End of Month Reflections
Why is it important to reflect?
It’s important to reflect because it allows us the chance to pause and assess how things are going and if we’ve accomplished our goals.
Reflection helps us to work through areas in our lives that we feel are stagnant or personal trauma that may have been holding us back.
What were the biggest wins?
In February the biggest wins were:
- Understanding my body more and what food is best and what isn’t.
What were the biggest lessons learned/insights gained?
I found that the biggest lessons learned were that mental health is extremely important and should not be taken for granted. There were times that I had planned to meditate but either put it off for a later date/time or failed to complete the 15 minutes at all.
Other days, I did stick to my planner and meditate and I tell you, they were some of the very best days I had during February. This is why this is a lesson learned. While I know and champion daily meditation, I failed to follow my advice.
A key insight this month was the fact that although I do eat mainly healthy meals. My portions are often way off the mark. I became indulgent with eating more of the dishes I made. Such as Peppered Jack Fruit & Vegan Soup! Those dishes hit the spot for me – the odd thing is, I was fully aware that I was being greedy and I failed on all occasions to stop myself from eating more.
Reflecting now, I know I need to develop more will power. I believe the additional helpings came from the fact that I’ve just been indoors, bored out my mind and isolated. Locked down!
Which life areas were lacking and why?
The life areas I lacked were spiritual, family and friends.
I connected spiritually on an infrequent basis, I feel I avoided it because it brought up so many deep emotions. Memories from my past that have brought me so much pain – including a few traumatic experiences. These emotions form the basis for the reasons why I infrequently eat more food. (albeit healthy foods most of the time, I’m eating too much of it.)
I’ve thought about how to process these old memories that are resurfacing and infecting my days with low moods, which isn’t great when paired with UK wide COVID19 restrictions.
What tasks were not accomplished and why?
Some days were GREAT! Other days were SHITTY.
I was never consistent with my plans. Some days I felt extremely tired – I suffer from iron-deficient anaemia. Other days I struggled to push through and do what needs to be done.
February was a cold, wet month here in the UK and that added to the bouts of depression. I used it as fuel for reasons to stay indoors. Although, I knew that remaining inside was aiding the low moods.

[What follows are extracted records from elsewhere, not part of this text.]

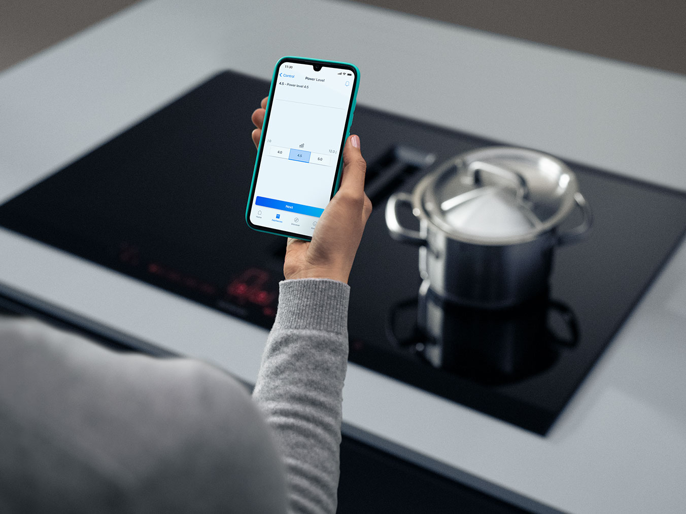 Werden Sie auf Ihrer Smartwatch benachrichtigt, wenn das Abendessen fertig ist oder fragen Sie Ihren smarten Lautsprecher (z.B. Alexa), welche Bratsensortemperatur optimal ist. Mit der Favoriten-Funktion können Lieblingsgerichte einfach gespeichert und über das Kochfeld abgerufen werden.
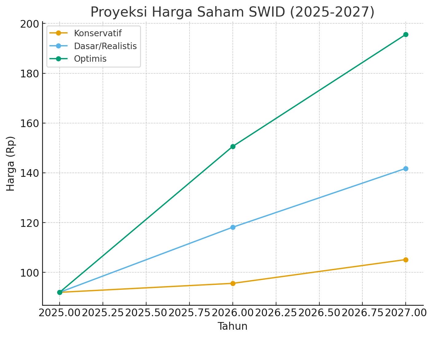 Berikut grafik proyeksi harga saham SWID untuk 2025β2027 dengan tiga skenario (Konservatif, Dasar/Realistis, dan Optimis).Β
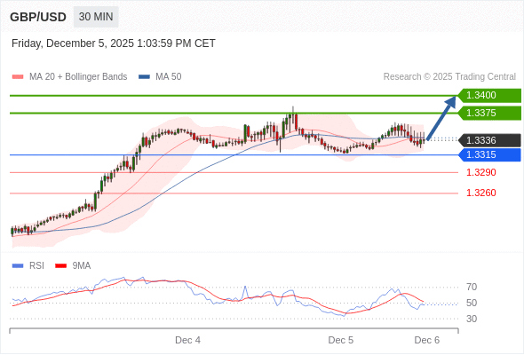 在 1.3315 之上,看涨,目标价位为 1.3375 ,然后为 1.3400 。

How do I feel about my progress this month?
I feel bad about it and I don’t want it to make me feel like I can’t improve. Which I know is ridiculous, as everyone can improve!
On a scale of 1 to 10, how do I feel overall about this past month?
I would stay I started on a 9 and ended on a 1 – I’ve found the last week of February quite isolating. It was a dark time for me.
Thankfully, I have some amazing family and friends who have shown great support.
How will I improve next month?
I’ve decided to try to complete 3-mile walks, 4 times per week.
On the very last day of February, I pushed myself to get out and go for a walk. It was freezing outside, but I got dressed, wrapped up warm and packed a banana and a bottle of water and set out.
The first 10 minutes was so daunting! Gee, I thought about turning back and retreating to the safety of my home.
March, I’ll be marching through the city with a bottle of water and some snacks.
I’ll be mediating!
There you have it, my end of month reflections.